Quoique le cadre fut très grand, il était léger, et bientôt, le portrait était placé de manière à ce qu’on put le voir clairement.

— Mais ! C’est un chef-d’œuvre, un vrai chef-d’œuvre ! s’écria ma compagne, et je ne comprends pas pourquoi il est relégué dans un coin du grenier ainsi ! S’il était suspendu au-dessus du foyer, dans le studio plutôt !

— Je… Je ne sais pas… commençai-je.

— Votre ancêtre était belle, très belle, Mme Duverney, continua Mlle Brasier ; ne trouvez-vous pas ?

— Je vous dirai bien… balbutiai-je, que… que je… je n’aime guère ce… ce portrait…

— Pourquoi cela ! Il est magnifique, magnifique, selon moi !… Il est vrai que je ne m’y entends pas beaucoup ; mais il me semble que cette peinture doit être d’une grande valeur…

— Elle a été évaluée à cinq cents dollars, me dit-on.
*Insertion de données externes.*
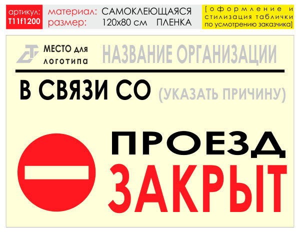 Баннер «Проезд закрыт», T11 (самоклеящаяся плёнка, 120х90 см) в Новом Уренгое купить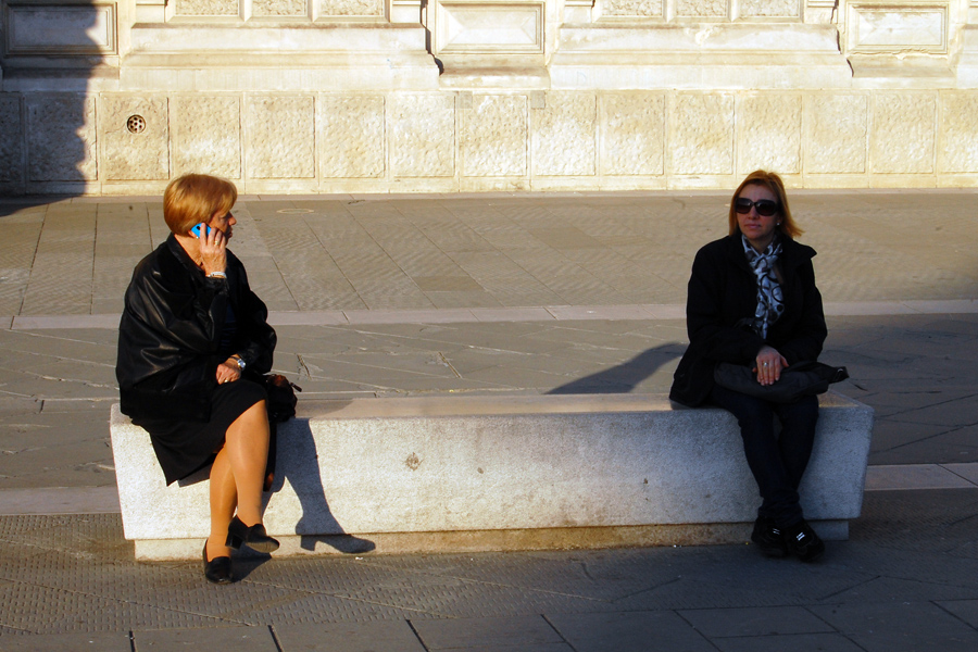In effetti l'interpretazione data da Sergio è quella che mi ha spinto allo scatto, ma il dubbio scaturiva dal momento che non sono presenti nella scena ulteriori elementi che ne enfatizzano il messaggio. Io ho percepito la distanza tra le due figure sedute agli estremi, il contrasto tra figura in luce e quella in ombra, l'attività dell'una al telefono contro l'attesa inerte della seconda in ombra.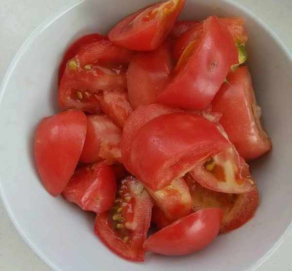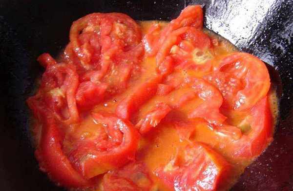 (4)鍋熱倒油、爆香蔥白後放入番茄;

— Cinq cents dollars ! Tant que cela ! Une fortune, quoi !… Il y a une chose cependant qui déplaît dans le visage, si réellement beau de votre ancêtre, Mme Duverney… Les yeux… ils sont durs… moqueurs… même un tant soit peu méchants… N’est-ce pas là votre opinion, à vous aussi, Mme Duverney ?

— Oui, c’est là mon opinion… La bouche aussi est cruelle, fis-je en observant le portrait ; ne le pensez-vous pas ?

— Oui… un peu… Mais ce sont les yeux surtout qui déplaisent.

— Je vous l’ai dit, Mlle Brasier, je n’aime pas ce portrait… Le fait est que je le déteste, et, ajoutai-je avec un sourire amusé, vous finirez par le détester, vous-même, avant qu’il soit longtemps.

— Le détester ? Non pas ! Oh ! suspendons le portrait de votre ancêtre dans le studio, voulez-vous ?

— Comme il vous plaira, répondis-je.

Ainsi que je l’ai dit plus haut, quoique le cadre fut très grand, il ne pesait guère, conséquemment, nous parvînmes, à nous deux, à le descendre dans la salle d’entrée et je donnai ordre immédiatement à Zeus de le suspendre au-dessus de la cheminée ; en moins de cinq minutes, ce fut fait.

— Je me demande pour quelle raison vous souriez ainsi, Mme Duverney ! s’écria Mlle Brasier, souriant elle-même, par sympathie. Quelque chose vous amuse considérablement… et ce quelque chose se rapporte au portrait de votre ancêtre, j’en suis sûre… Ne me direz-vous pas ce qui vous égaie tant ?

— À quoi bon ! répondis-je. Vous découvrirez bien vite ce qui en est, ajoutai-je, riant de grand cœur, cette fois.

Je savais si bien la surprise… pas du tout agréable, qui attendait ma compagne ; une surprise concernant le portrait de mon ancêtre ; je pressentais aussi que Mlle Brasier perdrait beaucoup de son enthousiasme pour le chef-d’œuvre en question, et cela sous très peu.